The language in this amendment is not a reflection of federal law as claimed, nor is it supported by the case law David Fowler cited. Tinker was a case about students who wore black armbands to protest the Vietnam War. In Tinker, the Court distinguished between passive, non-aggressive expressions of opinions and disruptive behavior:
“The school officials banned and sought to punish petitioners for a silent, passive expression of opinion, unaccompanied by any disorder or disturbance on the part of petitioners. There is here no evidence whatever of petitioners' interference, actual or nascent, with the schools' work or of collision with the rights of other students to be secure and to be let alone. Accordingly, this case does not concern speech or action that intrudes upon the work of the schools or the rights of other students.” (Tinker, 393 U. S. 503, 508 (1969))

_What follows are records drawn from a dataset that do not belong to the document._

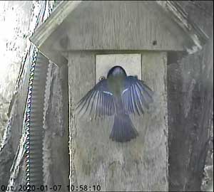 A second bird flies onto the entrance hole. Judging by its appearance, it isn't the inside bird's partner.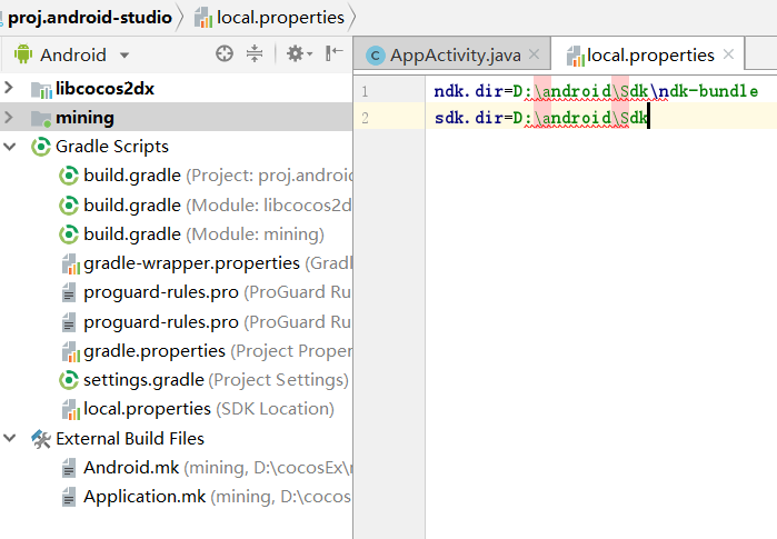 AndroidStudio里的路径需要双斜杠\或者反斜杠,但是每次cocosBuild后都会被修改成单斜杠,每次都要手动该一遍. 希望官方可以处理一下这边逻辑,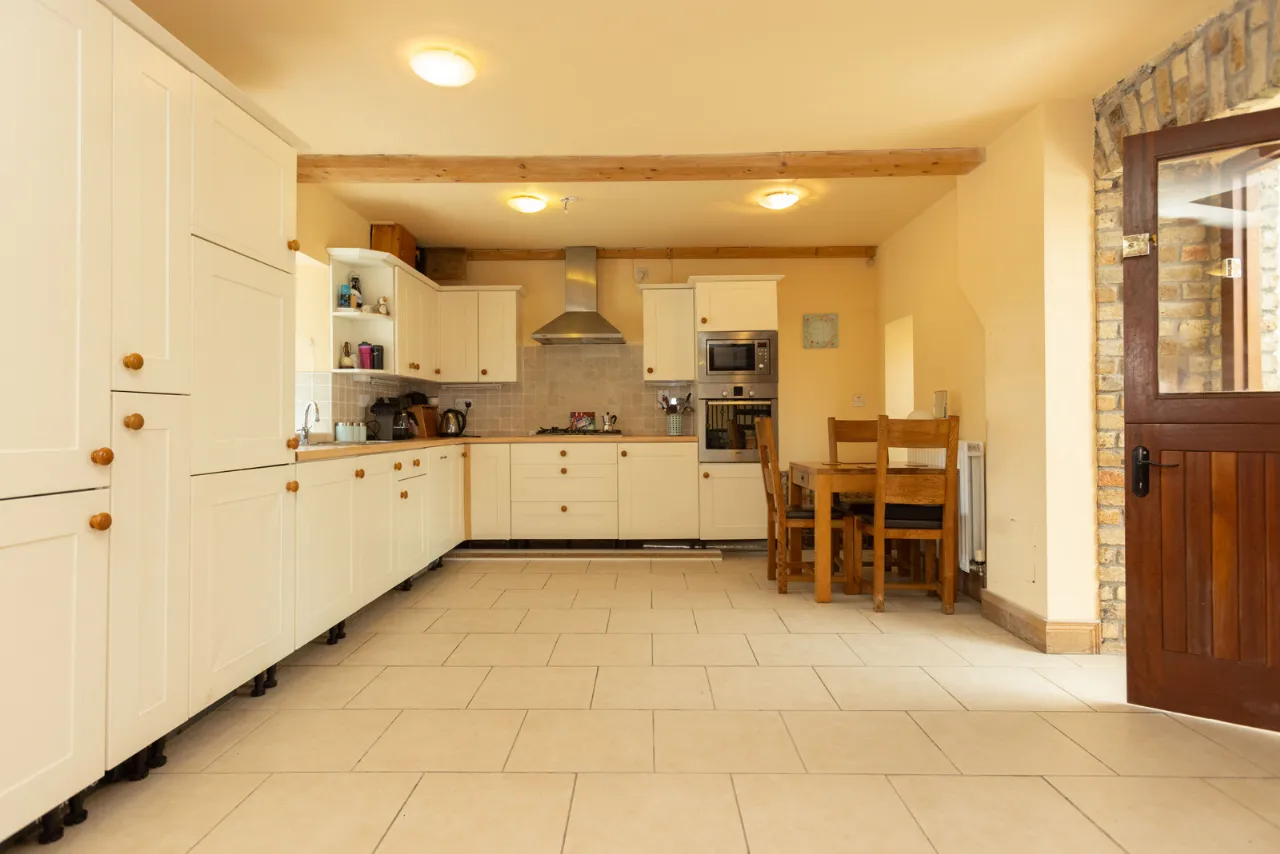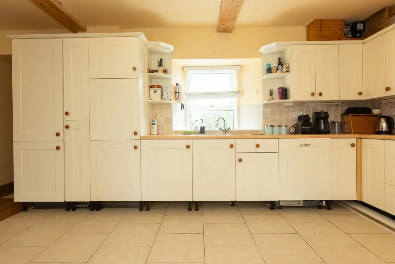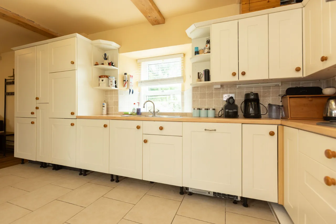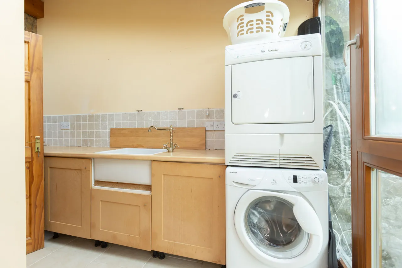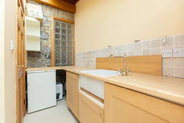 Utility Room 2.51m x 3.38m Tiled floor, worktop with belfast sink, plumbed for washer/dryer.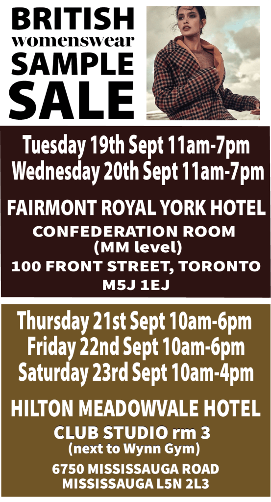 Our week long Fall womenswear sale starts this Tuesday and Wednesday at The Royal York Hotel, moving to Mississauga on Thursday 21st for three days! Great deals on British fashions – new stock added daily! Be there or be square!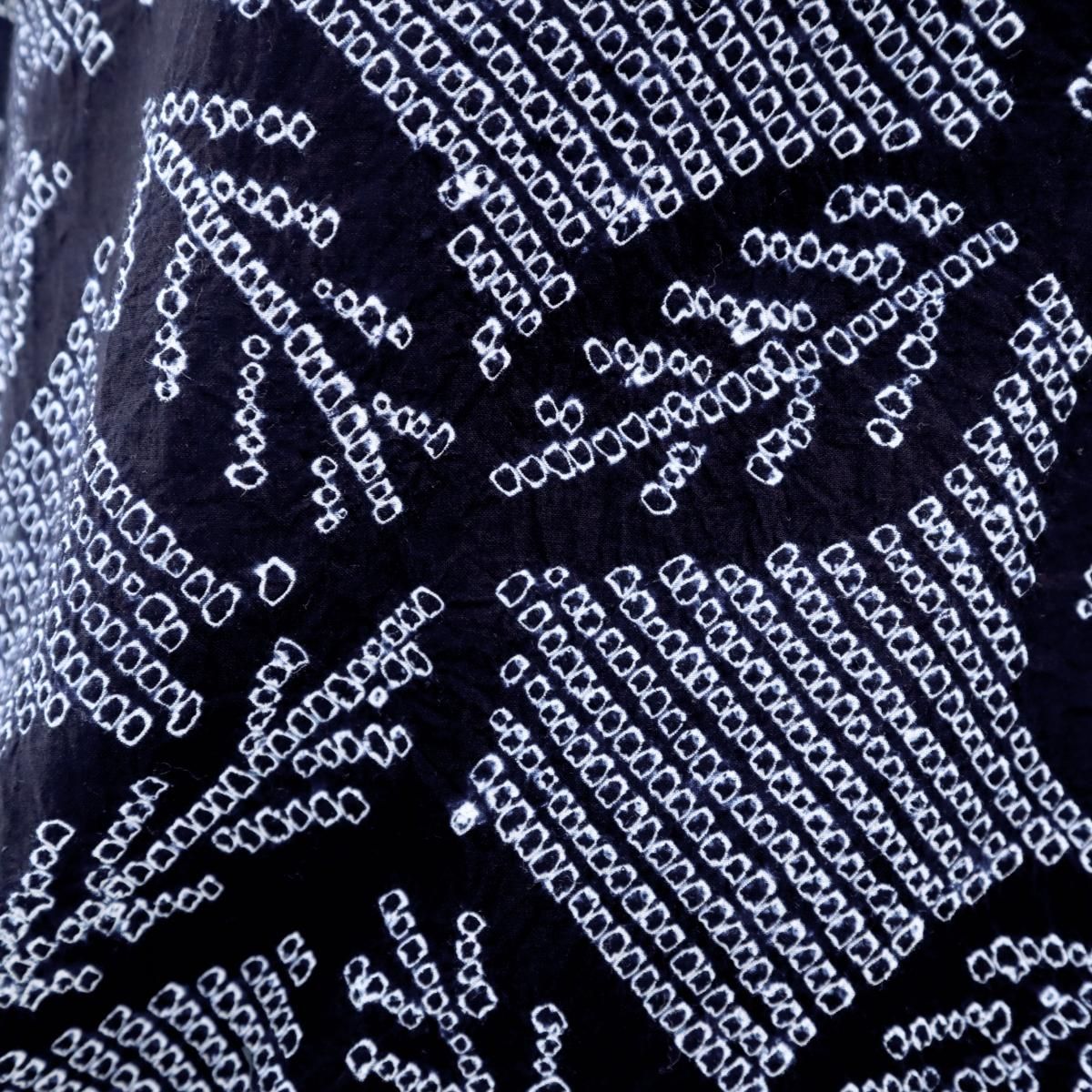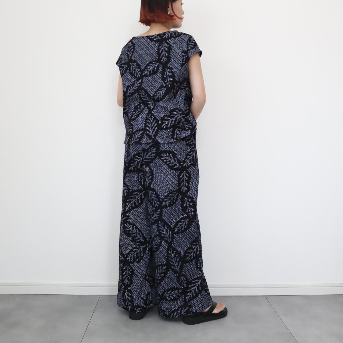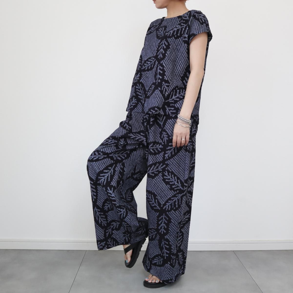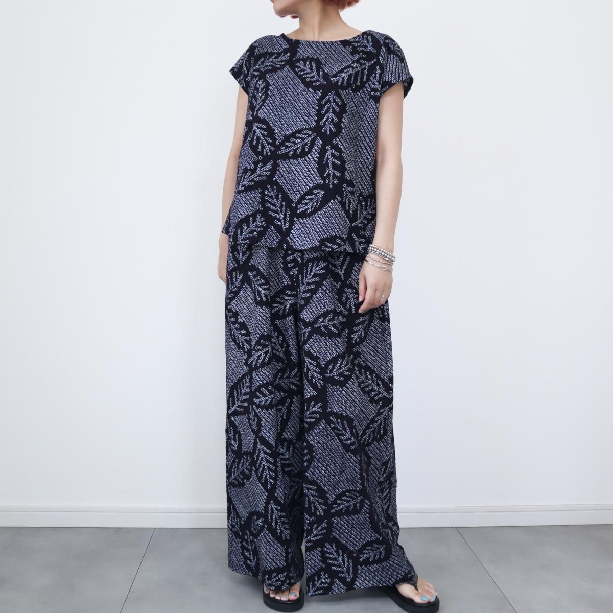 古い絞り染め浴衣から作ったTシャツブラウスとワイドパンツのセットアップです。濃い藍色×白の葉っぱ柄。ブラウスはTシャツ感覚で着て頂けるすっきりとしたシルエットです。パンツは太めで前にのみポケットがついています。もちろんセットアップだけではなく単品でも着られます。裏地はありません。

Bullying is not silent, or passive. Bullying is aggressive and carries intent to intimidate, harass and/or harm another student. Bullying infringes on the rights of another student. Bullying intrudes upon the work of the schools, creating a hostile environment that impedes the ability of the victim to learn in a safe environment.
Zamecnik was about t-shirts being worn by students that said “Be Happy, Not Gay”. The 7th Circuit did not find that the wearing of these t-shirts posed a risk of a substantial disruption of the educational environment. Like Tinker, this case does not support Mr. Fowler’s position either, although the distinction is harder to find without an example:
Let’s suppose my son wears a t-shirt to school that says “Libertarians like RON PAUL Worship that Atheist Whore of Babylon, AYN RAND” on the back. The shirt has this picture on the front:
Technically, this is an expression of religious, philosophical, and political speech. Legally, he can wear it every day to school, despite the fact that many of the kids in his class are admitted Libertarians and come from Libertarian families. What my son cannot do is corner a kid at his locker, in the lunchroom, or in the classroom and say to him “Ayn Rand was an atheist, and you and your parents are going to burn in hell for being Libertarians, you sinner!” That would be horrid, ugly, and bullying, and for the record, I wouldn't let my kid wear a shirt like this, nor speak to another student in this manner without getting into nine kinds of trouble from his father and me.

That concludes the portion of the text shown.